Dr. Richard Chang explains how to operate the portable dental equipment Tzu Chi volunteers bring to the Nos Petits Frères et Soeurs (Our Little Brothers and Sisters) Foundation’s orphanage in Haiti following four consecutive hurricanes and tropical storms that hit the nation beginning mid-August 2008 and added misery to the devastation already caused by extreme poverty and famine there. Photo/Bornain Chiu

Difficulty Extracting an Unusual Tooth

Dr. Richard Chang makes good use of his time. From small and medium-sized community free clinics and health days in the United States to free clinic services internationally, he could be seen participating everywhere. According to Chang, tooth extraction was the most challenging since this is a specialty in dental practice. He specializes in cosmetic dentistry; tooth extraction is not generally within his expertise. Every time he saw a patient who needed tooth extraction during a free clinic, it posed a challenge. 

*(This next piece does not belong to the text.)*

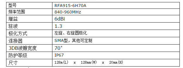 RFA915-6H70A是一款适用于UHF频段RFID应用场合的通用型天线,具有高增益、低驻波等特点。外形美观小巧、采用防水圈与硅胶双重防水设计、外壳采用加强筋位设计、适合各种恶劣环境使用。可方便地应用车辆、仓储、物流、零售等UHF频段的RFID场合中。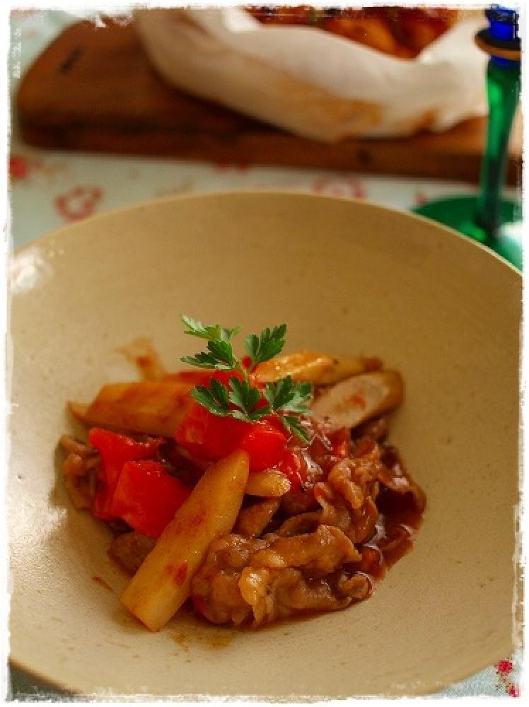 お肉の表面がカリッとしてきたらレンコン・牛蒡を加えて炒める。全体に少し火が通ったらトマト・赤ワインを加えて強火で炒める。

Once, when Chang participated in a large-scale free clinic event in San Bernardino, California, he encountered an unusual tooth that was extremely difficult to extract. It was a sweltering hot day, and the free clinic site was not in good condition either; all the doctors had to improvise on the spot to solve all the difficulties themselves. Dr. Steven Fang, another dentist, worked alongside Chang, trying to remove the patient’s tooth while it was now quite late in the day. All the other dentists had already packed up and waited patiently on the bus; only Chang and Fang were still busy, sweating as they labored. It took them a lot of effort to finally succeed in extracting the tooth, and Chang later admitted with a flushed face, “It was quite embarrassing!”

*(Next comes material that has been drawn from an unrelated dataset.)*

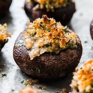 And not that you’ll have the entire town in your living room, but if you made these for a party, they would definitely be the most memorable part. This recipe is inspired by creamed spinach meets my 3 ingredient spinach dip. Because texturally, they’re actually perfect. Soft mushroom caps, creamy filling, and crunchy topping. What is there not to love?

In 1996, Dr. Richard Chang (first left) introduces portable dental diagnostic and treatment equipment to other doctors at the Buddhist Tzu Chi Free Clinic – Jinyao Chang, Mingchang Hsu, Chinlon Lin, Andrew Hsu, and Joe Wang (second left to right) – hoping to add flexibility and expand the scope of the Clinic’s services. Photo/Courtesy of Shirley Chen

Chang believed doctors don’t have a right to say “no” at a free clinic event. No matter who the patient is and how complex their issue or disease is to treat, the Tzu Chi free clinic team must take over and do their best for the patient because a free clinic is the only hope left for these people to get the dental care they require. So, Dr. Chang prayed silently in his heart many times, encouraging himself so he could provide the perfect service to his patients.

​​Although free dental care services are one of the most popular clinic outreach event specialties, due to the constraints of venues, weather, and time, plus the number of patients often exceeding the resources available, participating doctors would often sigh as they indicated that what was needed was beyond their capacity. Therefore, Chang frequently wrote down his clinic’s address, inviting patients with severe dental issues to come for a free consultation, as many needed complete dentures to solve their problems.

I dare not call myself compassionate; dental care is something I’m actually passionate about. There’s a sense of fulfillment in helping someone with no teeth eat, treating their teeth, and providing them with a better quality of life!

Dr. Richard Chang’s love has never faltered during his thirty years of serving those in need; his heartfelt care for his patients is always present and in full force.